The Work Order shall document ------------'s commitment to the particular
event and shall be incorporated into this contract by reference. The
proposed Work Order is attached as Exhibit C. For the term of this
Agreement, ----------- warrants that the Authorized Speaker(s) have Work
Order signature authority. Notwithstanding the above, cancellations,
refunds or returns received by WCFC more than sixty (60) days after the
date of sale shall not be deducted from ----------'s compensation.
A. Base Compensation
For each unit of Product(s) sold at a seminar, WCFC shall pay
------------- a percentage of the gross sales of Product(s) to
attendees. Proceeds realized during the event shall be identified by
the appropriate marketing key code, less any refunds and returns.

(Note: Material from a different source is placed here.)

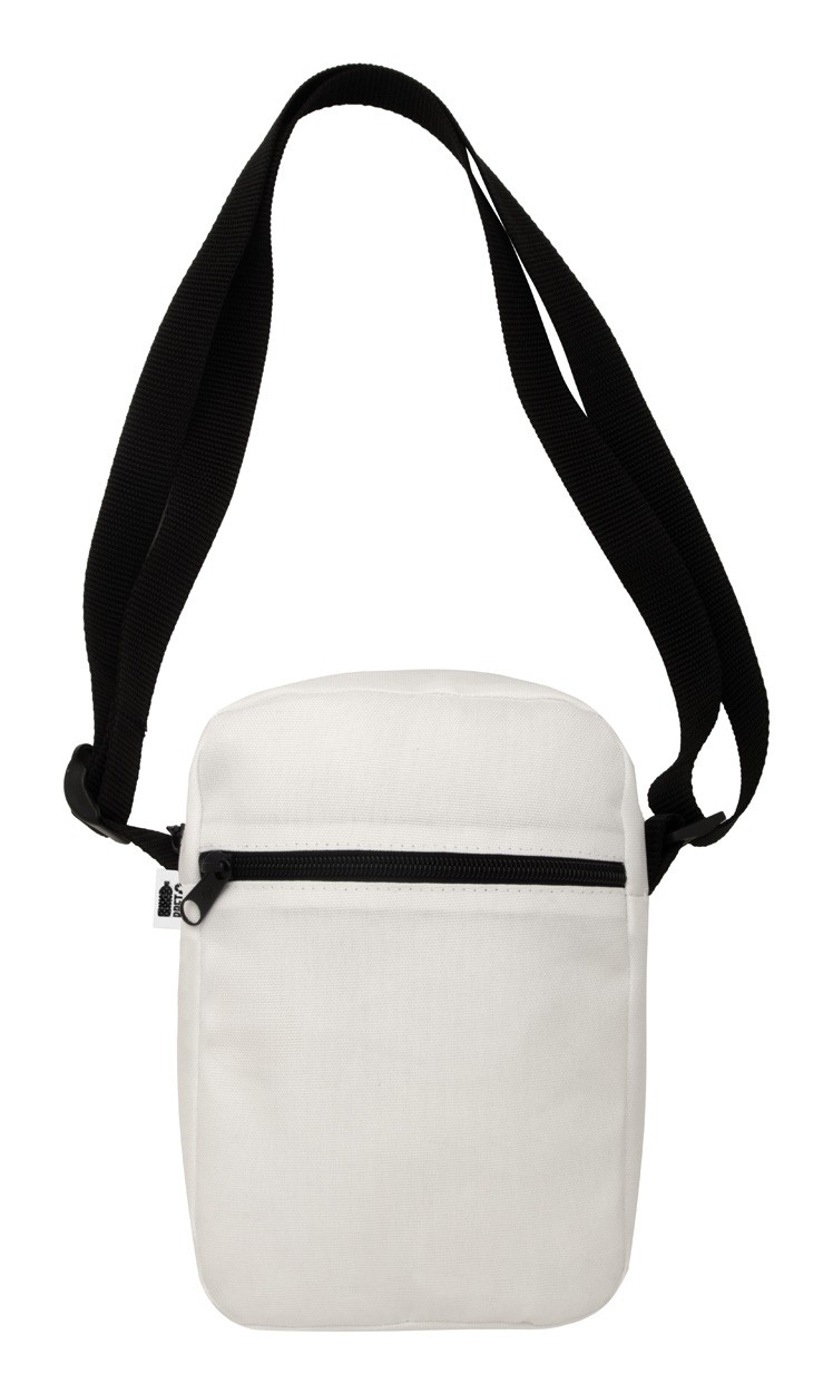 Geantă verticală, personalizată, din poliester 600D RPET, cu compartiment cu fermoar și buzunar frontal. Cu grafică imprimată prin sublimare și etichetă RPET distinctivă. MOQ: 25 buc.

B. Additional Compensation
------------ will be paid an additional percentage of gross sales
which will be determined by the degree of participation in the
following:
1) Speaker Training
WCFC has an established schedule of dates and times for which all
Authorized Speakers may attend training classes at its corporate
offices in Seattle, Washington or such other locations as from
time to time it may designate. This portion of the additional
compensation will be paid only for complete attendance at the
speaker training classes. In the event that the speaker does not
attend the requisite training, this compensation shall not be
paid for any seminars during that month. The parties acknowledge
that training is currently monthly, however, WCFC reserves the
right, with advance notice, to alter the training schedule If
------------ feels that there is a valid reason for missing the
training sessions, this must be put in writing and sent to WCFC
prior to the training. WCFC shall have the sole right to accept
or reject written reasons for missed training.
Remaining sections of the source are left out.